Question

Solve the given quadratic equation:
 \[44{x^2} - x - 3 = 0\].

Answer 1

Hint: Here we have a quadratic equation, we can solve this using factorization method or by quadratic formula or by graphing method or by completing square method. We solve this using the factorization method. If we fail to split the middle term we use quadratic formula, that is \[x = \dfrac{{ - b \pm \sqrt {{b^2} - 4ac} }}{{2a}}\].

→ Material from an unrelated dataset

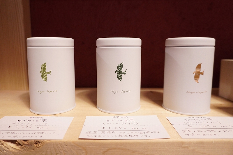 こぢんまりとして和める空間に、カウンター席、テーブル席、小上がり席の全7席を用意。店で取り扱う銘柄の茶葉が販売されるので、自宅用に買って帰るのもいい。

Complete step-by-step solution:
Given, \[44{x^2} - x - 3 = 0\].
Now consider the equation \[44{x^2} - x - 3 = 0\]. The degree of this equation is two hence we will have two factors.
On comparing the given equation with the standard quadratic equation \[a{x^2} + bx + c = 0\]. We have \[a = 44\], \[b = - 1\] and \[c = - 3\].
For factorization, the standard equation is rewritten as \[a{x^2} + {b_1}x + {b_2}x + c = 0\] such that\[{b_1} \times {b_2} = ac\] and\[{b_1} + {b_2} = b\].
Here we can say that \[{b_1} = - 12\] and \[{b_2} = 11\]. Because \[{b_1} \times {b_2} = - 132\] \[(a \times c)\] and \[{b_1} + {b_2} = - 1(b)\].
Now we write \[44{x^2} - x - 3 = 0\] as,
\[ \Rightarrow 44{x^2} - 12x - 11x - 3 = 0\]
Taking ‘4x’ common in the first two terms and taking $-1$ common in the remaining two terms we have,
\[ \Rightarrow 4x(11x - 3) - 1(11x - 3) = 0\]
Again taking \[(11x - 3)\] common we have,
\[(11x - 3)(4x - 1) = 0\].
By zero product principle we have,
 \[ \Rightarrow (11x - 3) = 0\] and \[(4x - 1) = 0\]
\[ \Rightarrow 11x = 3\] and \[4x = 1\]
\[ \Rightarrow x = \dfrac{{11}}{3}\] and \[x = \dfrac{1}{4}\].
This is the required solution.

Note: The highest exponent of the polynomial in a polynomial equation is called its degree. A polynomial equation has exactly as many roots as its degree. Suppose if we have a cubic equation, then we need to reduce it to a quadratic equation using synthetic division and reduce it to a quadratic equation. We can solve the quadratic equation easily.